The following examples use FORK to run parallel queries and FUSE to merge the results.

Use RRF

Run a lexical and a semantic query in parallel with FORK, then merge with FUSE (applies RRF by default):

esql

FROM books METADATA _id, _index, _score  # Include document ID, index name, and relevance score
| FORK (WHERE title:"Shakespeare" | SORT _score DESC | LIMIT 100)  # Fork 1: Lexical search on title field, sorted by relevance score
       (WHERE semantic_title:"Shakespeare" | SORT _score DESC | LIMIT 100)  # Fork 2: Semantic search on semantic_title field, sorted by relevance score
| FUSE  # Merge results using RRF algorithm by default
| SORT _score DESC # sort results by the new scores, since `FUSE` does not do any sorting.

Use linear combination

FUSE can also use linear score combination:

esql

FROM books METADATA _id, _index, _score
| FORK (WHERE title:"Shakespeare" | SORT _score DESC | LIMIT 100)  # Fork 1: Lexical search on title
       (WHERE semantic_title:"Shakespeare" | SORT _score DESC | LIMIT 100)  # Fork 2: Semantic search on semantic_title
| FUSE LINEAR  # Merge results using linear combination of scores (equal weights by default)
| SORT _score DESC # sort results by the new scores, since `FUSE` does not do any sorting.

Normalize scores

When combining results from semantic and lexical queries through linear combination, we recommend first normalizing the scores from each result set.

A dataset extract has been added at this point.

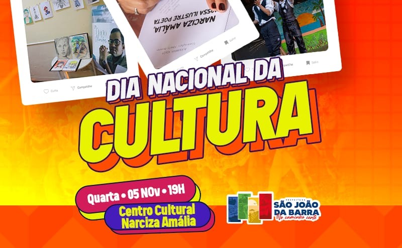 Em comemoração ao Dia Nacional da Cultura, celebrado nesta quarta-feira (5), São João da Barra promove um evento especial no Centro Cultural Narcisa Amália, a partir das 19h. A programação, organizada pela Secretaria Municipal de Cultura, é aberta ao público e contará com lançamentos de obras literárias, apresentações culturais e a posse da nova diretoria do Conselho Municipal de Cultura.

The following example uses minmax score normalization. This means the scores normalize and assign values between 0 and 1, before combining the rows:

esql

FROM books METADATA _id, _index, _score
| FORK (WHERE title:"Shakespeare" | SORT _score DESC | LIMIT 100)  # Fork 1: Lexical search
       (WHERE semantic_title:"Shakespeare" | SORT _score DESC | LIMIT 100)  # Fork 2: Semantic search
| FUSE LINEAR WITH { "normalizer": "minmax" }  # Linear combination with min-max normalization (scales scores to 0-1 range)
| SORT _score DESC # sort results by the new scores, since `FUSE` does not do any sorting.

Set custom weights

FUSE allows you to specify different weights to scores, based on the _fork column values, enabling you to control the relative importance of each query branch in the final results.

esql

FROM books METADATA _id, _index, _score
| FORK (WHERE title:"Shakespeare" | SORT _score DESC | LIMIT 100)  # Fork 1: Lexical search
       (WHERE semantic_title:"Shakespeare" | SORT _score DESC | LIMIT 100)  # Fork 2: Semantic search
| FUSE LINEAR WITH { "weights": { "fork1": 0.7, "fork2": 0.3 }, "normalizer": "minmax" }  # Weighted linear combination: 70% lexical, 30% semantic, with min-max normalization
| SORT _score DESC # sort results by the new scores, since `FUSE` does not do any sorting.

Limitations

These limitations can be present either when:

FUSE is not combined with FORK
FUSE doesn't use the default metadata columns _id, _index, _score and _fork
1. FUSE assumes that key_columns are single valued. When key_columns are multivalued, FUSE can produce unreliable relevance scores.
2. FUSE automatically assigns a score value of NULL if the <score_column> or <group_column> are multivalued.
3. FUSE assumes that the combination of key_columns and group_column is unique. If not, FUSE can produce unreliable relevance scores.